EXERCISE -
Pictures are not part of the copy. Reproduce all the records exactly.

Data excerpts -
--*--
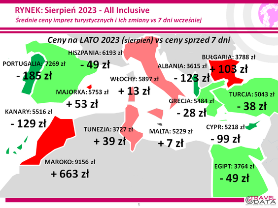 Największe zwyżki średnich cen w ostatnim tygodniu można było z kolei zauważyć w wypadku Maroka, o 663 złote, Kalabrii, o 132 złote, i Korfu (poprzednio ceny tam znacznie spadły) – o 120 złotych.
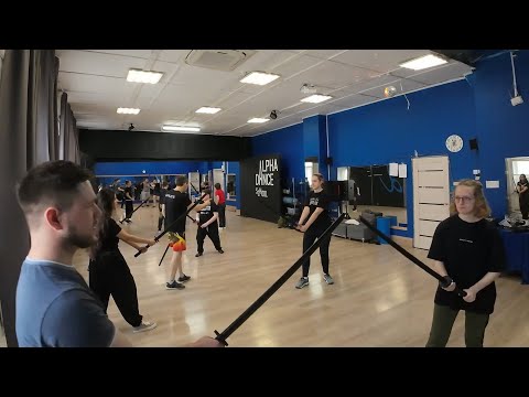 Обучение правильным стойкам и перемещениям при фехтовании, отработка ударов и защит длинным и коротким мечом.
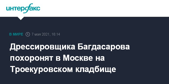Дрессировщика Багдасарова похоронят в Москве на Троекуровском кладбище
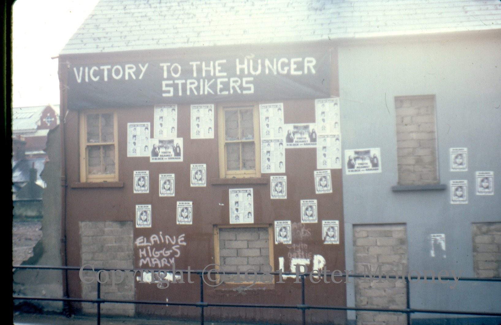 Victory To The Hunger Strikers 1981-01-182024-12-20Extramural Activity Slogan and posters on a bricked-up house in Bishop Street, Derry: “Youth against H-Block and Armagh”, “Don’t let them die” Click image to enlargeCopyright © 1981 Peter MoloneyM00027 Share this: Click to share on X (Opens in new window) X Click to share on Facebook (Opens in new window) Facebook Like Loading... Related
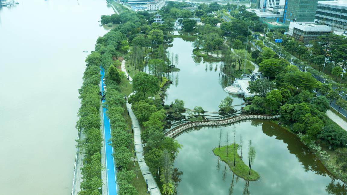 這裏構建起濱水道、緩跑道、騎行道和遊憩帶,串聯起水墨園、攬勝園、疊翠園、陳氏大宗祠、啟德威爾登酒店、高級人才公寓、官洲生命科學創新中心及8個濱水廣場。在沿線還增設了生物科普節點,提升了碧道的趣味性,豐富了遊憩體驗。
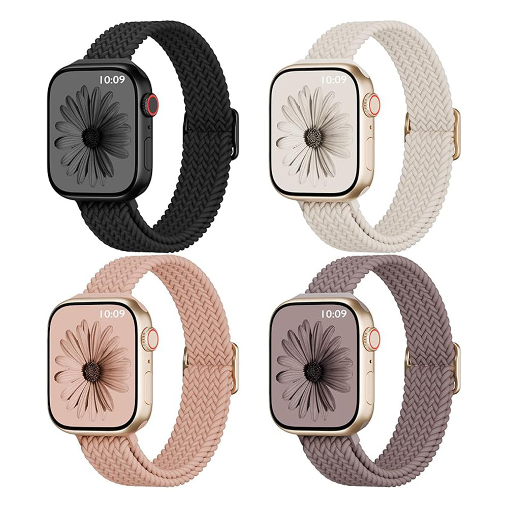 4 Pack Slim Braided Stretchy Bands For Apple Watch Band 38mm 42mm 40mm 41mm Women Men
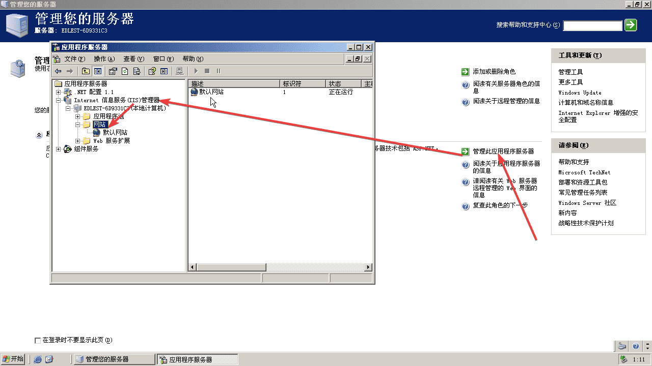 当应用程序服务器安装完成时,我们点击管理此应用程序服务器,然后展开IIS列表进入到网站之中,我们会发现,有一个默认网站:
--*--
ANSWER AREA -
 Największe zwyżki średnich cen w ostatnim tygodniu można było z kolei zauważyć w wypadku Maroka, o 663 złote, Kalabrii, o 132 złote, i Korfu (poprzednio ceny tam znacznie spadły) – o 120 złotych.
 Обучение правильным стойкам и перемещениям при фехтовании, отработка ударов и защит длинным и коротким мечом.
Дрессировщика Багдасарова похоронят в Москве на Троекуровском кладбище
 Victory To The Hunger Strikers 1981-01-182024-12-20Extramural Activity Slogan and posters on a bricked-up house in Bishop Street, Derry: “Youth against H-Block and Armagh”, “Don’t let them die” Click image to enlargeCopyright © 1981 Peter MoloneyM00027 Share this: Click to share on X (Opens in new window) X Click to share on Facebook (Opens in new window) Facebook Like Loading... Related
 這裏構建起濱水道、緩跑道、騎行道和遊憩帶,串聯起水墨園、攬勝園、疊翠園、陳氏大宗祠、啟德威爾登酒店、高級人才公寓、官洲生命科學創新中心及8個濱水廣場。在沿線還增設了生物科普節點,提升了碧道的趣味性,豐富了遊憩體驗。
 4 Pack Slim Braided Stretchy Bands For Apple Watch Band 38mm 42mm 40mm 41mm Women Men
 当应用程序服务器安装完成时,我们点击管理此应用程序服务器,然后展开IIS列表进入到网站之中,我们会发现,有一个默认网站:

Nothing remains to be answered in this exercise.